Another discontinuity is that talking about meta-processes involving intermediate real particles affects how competing diagrams are treated. You either need to add amplitudes and then square, or square amplitudes and then add, and one is not the limiting case of the other.
The above issues all stem from the metaphor’s implication that there is a well-defined temporal or causal aspect to some intermediate state when there isn’t one.
The above issues are fully resolved by noting that the original interacting particles (fields) are already in contact and experiencing each other’s presence and/or the presence of other fields, and the state change happens through that “point-like” interaction. It’s only through a specific calculational approach that any substructure might seem to emerge, and that substructure carries some smells of particles, but that smell is not enough to make it be particles.
(3) Virtual particles are not inherently quantum. One can (but usually doesn’t) solve purely classical interacting field theories using a perturbative approach, and Feynman-like diagrams complete with internal legs can encode those calculations just like in quantum field theories. It’s clear in that case that you can’t explain the virtual particle’s existence through a principle of quantum uncertainty.
(4) Virtual particles are not required in quantum field theories. You can calculate scattering processes through any number of non-perturbative methods, and no concept of virtual particles ever enters the picture then. So, they aren’t an essential part of our current understanding of the universe. They are just an essential part of one particular calculational approach.

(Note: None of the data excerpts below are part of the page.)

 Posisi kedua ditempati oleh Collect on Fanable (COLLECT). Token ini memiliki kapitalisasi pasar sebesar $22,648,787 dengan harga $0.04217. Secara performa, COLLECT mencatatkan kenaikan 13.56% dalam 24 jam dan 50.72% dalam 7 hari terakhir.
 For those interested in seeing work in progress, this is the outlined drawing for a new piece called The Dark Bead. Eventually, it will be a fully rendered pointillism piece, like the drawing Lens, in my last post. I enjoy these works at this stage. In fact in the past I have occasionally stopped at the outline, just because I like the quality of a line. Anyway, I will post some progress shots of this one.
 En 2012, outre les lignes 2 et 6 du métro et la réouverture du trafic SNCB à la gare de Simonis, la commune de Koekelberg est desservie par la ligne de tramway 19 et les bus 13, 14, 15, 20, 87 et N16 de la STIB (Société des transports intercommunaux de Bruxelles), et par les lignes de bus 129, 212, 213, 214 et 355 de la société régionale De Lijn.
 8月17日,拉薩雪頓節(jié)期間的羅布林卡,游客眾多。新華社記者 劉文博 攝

(5) A subtle but substantial problem is that virtual photons (like any virtual particle) can have any mass, including a finite mass. Suddenly photons can have three polarization states, not two; they no longer travel at c; and they are in direct conflict with gauge invariance. If we try to map these characteristics onto real photons, we’re going to have our work cut out for us. Fortunately, real photons don’t carry those complications. A real photon – even one with an uncertain energy – is still massless.

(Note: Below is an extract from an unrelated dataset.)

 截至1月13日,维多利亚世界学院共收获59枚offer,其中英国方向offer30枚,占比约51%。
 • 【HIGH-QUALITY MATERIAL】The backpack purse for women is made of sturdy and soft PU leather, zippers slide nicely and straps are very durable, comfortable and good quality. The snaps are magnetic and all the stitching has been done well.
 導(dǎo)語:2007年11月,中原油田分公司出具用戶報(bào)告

(6) A quite stark problem is that diagrams containing loops allow all internal lines to take all possible values for energy and momentum.* First, notice that momentum is freely varying but never gets any love in the “uncertainty” story. But the main point: one leg of a loop here can have any energy and momentum, and another leg of that loop there can have any energy and momentum – but together they must respect energy and momentum conservation. One cannot let each internal line go on its own joy ride.
The metaphor has no problem with each virtual particle doing its own thing, arguing that it lives for a short time (approaching zero time via some undefined limit) and is thus free to violate energy conservation as it wishes. But this is simply not how it works. The various energies and momenta all taking on an infinite range of values must do so in a manner that obeys the conservation laws throughout the diagram. One cannot really say that energy conservation can be violated but also require that, while it’s being violated, it’s being violated in a way that respects conservation.
Anyway, that’s a big core dump of stuff. Bottom line: it’s a common metaphor, but one that doesn’t have very solid grounding and, for my money, one that’s hard to do anything with without stretching beyond validity.
*Actually, tree-level (no-loop) diagrams also allow this, but energy and momentum conservation means that only one set of values for energy and momentum are allowed for each virtual particle anyway.
Yes, but you can’t quote or copy it. Weird, is it not?